×

On the variety of a highest weight module. (English) Zbl 0539.17006

Let \({\mathfrak g}\) be a complex semisimple Lie algebra. Let I be a primitive ideal in \(U({\mathfrak g})\). One of the goals of primitive ideal theory for \(U({\mathfrak g})\) is to give some algebro-geometric invariants of I which determine it completely. (This goal is made precise in the Jantzen conjecture, as formulated in the author’s paper in Invent. Math. 56, 191- 213 (1980; Zbl 0446.17006).) One candidate for one of these invariants is the associated variety \({\mathcal V}(I)\), which is a Zariski closed cone contained in the nilpotent cone in \({\mathfrak g}^*\). Work of D. Barbasch and the reviewer [J. Algebra 80, 350-382 (1983; Zbl 0513.22009)] replaced this invariant by an analytically defined one, and proved some of the desired classification results for it.
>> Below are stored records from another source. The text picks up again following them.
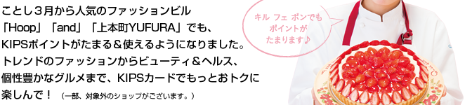 ことし3月から人気のファッションビル「Hoop」「and」「上本町YUFURA」でも、KIPSポイントがたまる&使えるようになりました。トレンドのファッションからビューティ&ヘルス、個性豊かなグルメまで、KIPSカードでもっとおトクに楽しんで! (一部、対象外のショップがございます。)
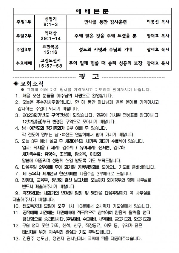 2022년 11월 27일 예배본문 & 교회소식 페이지 정보 작성자 성은교회 작성일22-11-25 18:11 조회5,386회 관련링크 이전글 다음글 목록 본문 2022년 11월 27일 예배본문 & 교회소식 이전글 다음글 목록
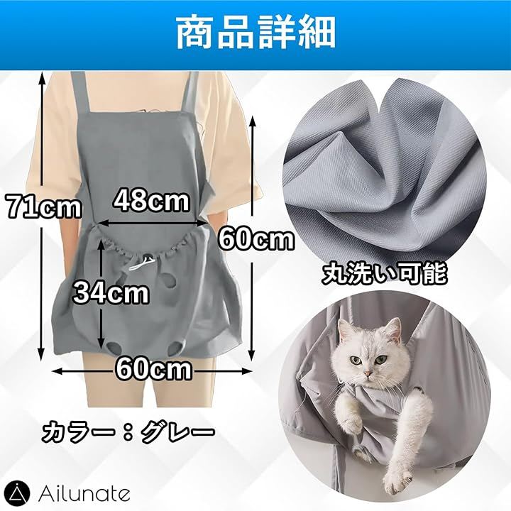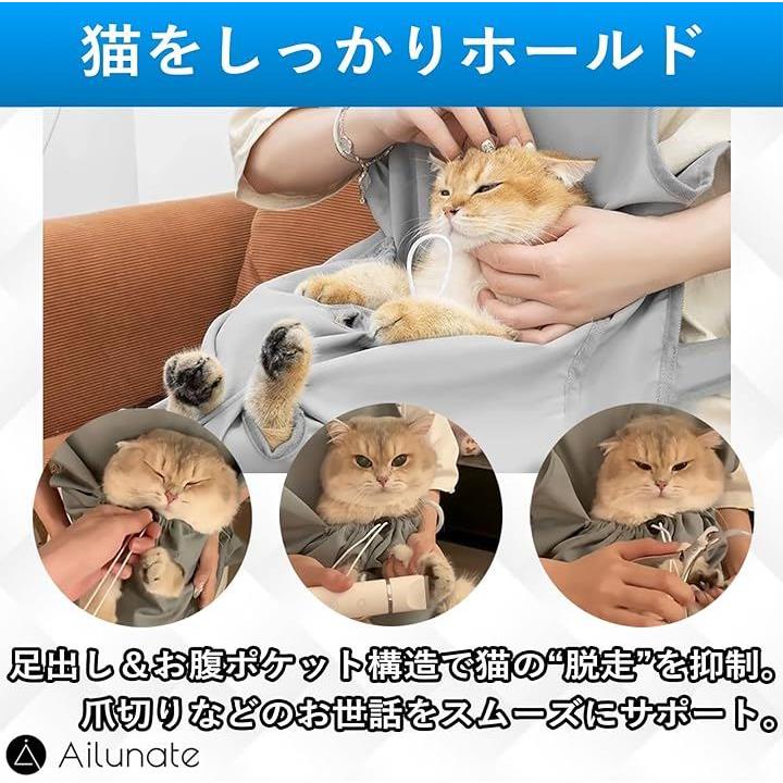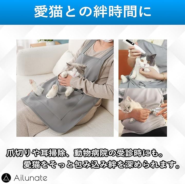 猫エプロン 抱っこ紐 抱っこ用エプロン 足だし穴付き 爪切りサポート 補助 通気素材 丸洗い可能
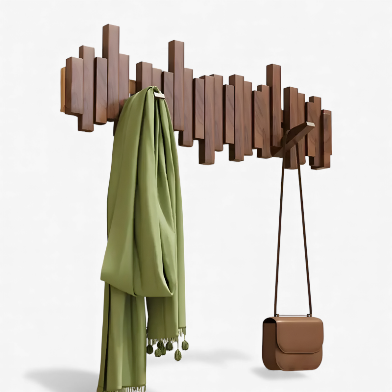 Denne knagerække kombinerer naturens organiske udtryk med praktisk hverdagsfunktion. De forskudte træstave skaber en levende, bølget struktur, der tilfører rummet varme og visuel dybde. Knagerne kan foldes ind, når de ikke er i brug, så væggen beholder et roligt og minimalistisk look. Træflux passer perfekt i entréen, soveværelset eller kontoret og gør det nemt at holde styr på overtøj og accessories uden at gå på kompromis med æstetikken.
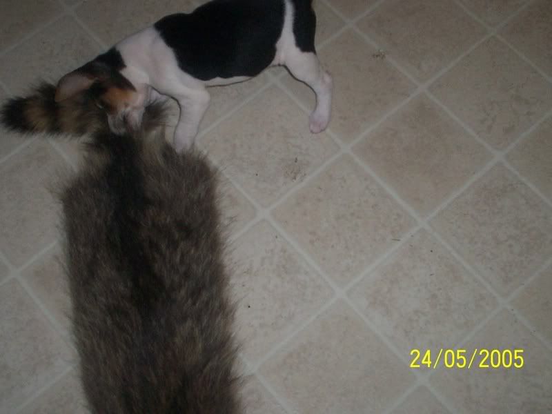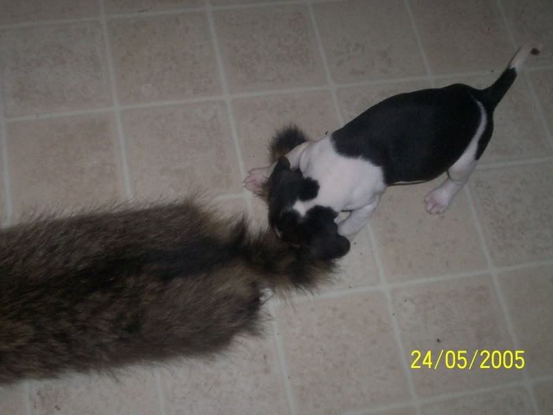 the two on the bench were takein yesterday the others were takein yesterday as well. but the coonhide was like the first week i had her. ill get you some new ones of her on a cage coon she will tear it up.
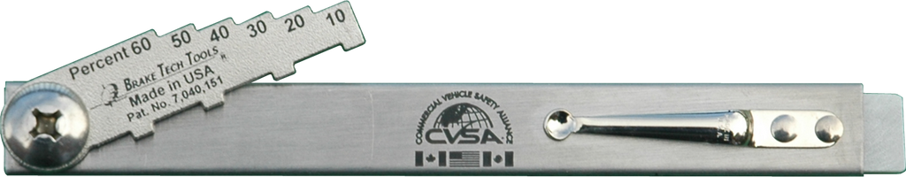 AN ALL IN ONE STAINLESS STEEL, LASER ENGRAVED TOOL THAT HAS A SOAPSTONE HOLDER, SOAPSTONE, RULER, AND PERCENTAGE INDICATOR FOR BRAKE LINING
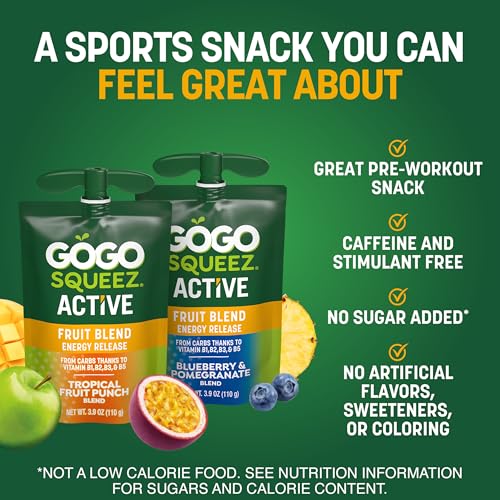 GoGo squeeZ Active Fruit Blend Energy Release , 18-Count Variety Pack , Tropical Fruit Punch and Blueberry & Pomegranate , Made with Real Fruit and B Vitamins

The goal of this paper is to find a replacement for those analytic ideas, adequate for studying \({\mathcal V}(I)\) itself. Here is the basic idea. Let \({\mathfrak b}\) be a Borel subalgebra of \({\mathfrak g}\). Write \({\mathfrak n}^-\) for the space of linear functionals on \({\mathfrak g}\) vanishing on \({\mathfrak b}\). The closure of the intersection of any nilpotent orbit \({\mathcal O}\) of G with \({\mathfrak n}^-\) has finitely many components \({\mathcal V}_ 1,...,{\mathcal V}_ t\). To each such component, the author attaches a homogeneous polynomial \(p_ i\) in the symmetric algebra of a Cartan subalgebra \({\mathfrak h}\) of \({\mathfrak g}\). This is done by studying the action of \({\mathfrak h}\) on functions on \({\mathcal V}_ i\). He proves that the span of the various \(p_ i\) is stable under the action of the Weyl group and conjectures that the resulting representation is (up to a factor of the sign representation) the one attached to \({\mathcal O}\) by Springer. This fact was subsequently proved by R. Hotta [Tôhoku Math. J., II. Ser. 36, 49-74 (1984)].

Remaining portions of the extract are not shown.